Beneath this line are entries. Copy the range from the line with "先発はアントン、岩佐、ポイズン。3人ロックアップ(左写真)、すぐにブレーク。" to the line with "ผนังตู้ผลิตจากอลูมิเนียมแท้ 100% ช่วยให้กระจายความเย็นได้ดี", ends included, exactly; leave pictures out.

* Material supplied
▬▬▬▬▬▬

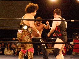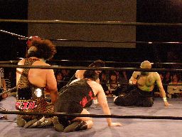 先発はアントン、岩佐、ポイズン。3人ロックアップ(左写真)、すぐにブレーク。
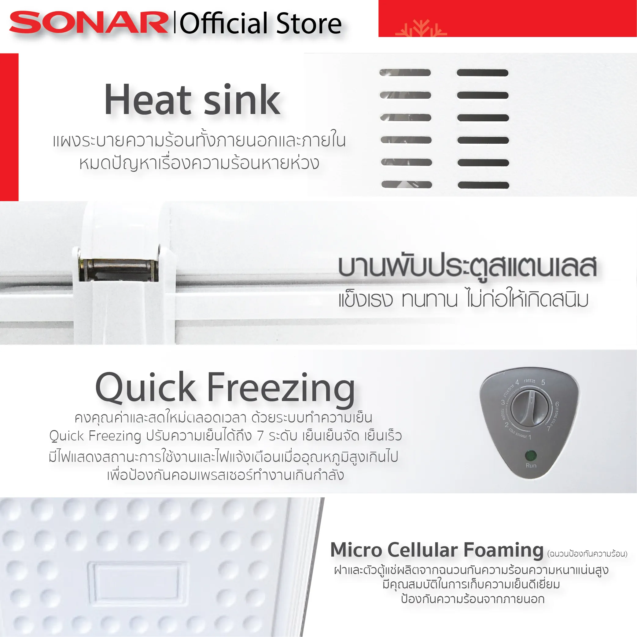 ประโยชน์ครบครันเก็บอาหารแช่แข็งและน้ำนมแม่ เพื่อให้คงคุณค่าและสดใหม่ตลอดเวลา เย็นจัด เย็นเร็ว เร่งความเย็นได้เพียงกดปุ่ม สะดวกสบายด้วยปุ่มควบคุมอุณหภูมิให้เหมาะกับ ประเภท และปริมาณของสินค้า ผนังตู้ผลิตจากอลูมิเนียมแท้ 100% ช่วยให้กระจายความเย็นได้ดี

▬▬▬▬▬▬

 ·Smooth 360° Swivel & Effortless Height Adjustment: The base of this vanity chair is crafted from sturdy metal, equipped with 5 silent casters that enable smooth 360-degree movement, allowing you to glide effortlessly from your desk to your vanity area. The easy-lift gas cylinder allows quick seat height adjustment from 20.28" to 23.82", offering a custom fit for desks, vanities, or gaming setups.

▬▬▬▬▬▬

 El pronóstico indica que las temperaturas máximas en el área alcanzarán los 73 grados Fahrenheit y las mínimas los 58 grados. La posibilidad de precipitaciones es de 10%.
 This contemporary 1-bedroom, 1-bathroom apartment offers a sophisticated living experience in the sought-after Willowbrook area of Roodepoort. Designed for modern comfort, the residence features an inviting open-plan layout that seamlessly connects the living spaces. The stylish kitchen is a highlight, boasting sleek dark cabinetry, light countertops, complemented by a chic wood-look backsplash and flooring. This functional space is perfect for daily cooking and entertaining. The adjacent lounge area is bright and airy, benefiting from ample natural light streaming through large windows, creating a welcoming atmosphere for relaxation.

▬▬▬▬▬▬

* Reply
 先発はアントン、岩佐、ポイズン。3人ロックアップ(左写真)、すぐにブレーク。
 ประโยชน์ครบครันเก็บอาหารแช่แข็งและน้ำนมแม่ เพื่อให้คงคุณค่าและสดใหม่ตลอดเวลา เย็นจัด เย็นเร็ว เร่งความเย็นได้เพียงกดปุ่ม สะดวกสบายด้วยปุ่มควบคุมอุณหภูมิให้เหมาะกับ ประเภท และปริมาณของสินค้า ผนังตู้ผลิตจากอลูมิเนียมแท้ 100% ช่วยให้กระจายความเย็นได้ดี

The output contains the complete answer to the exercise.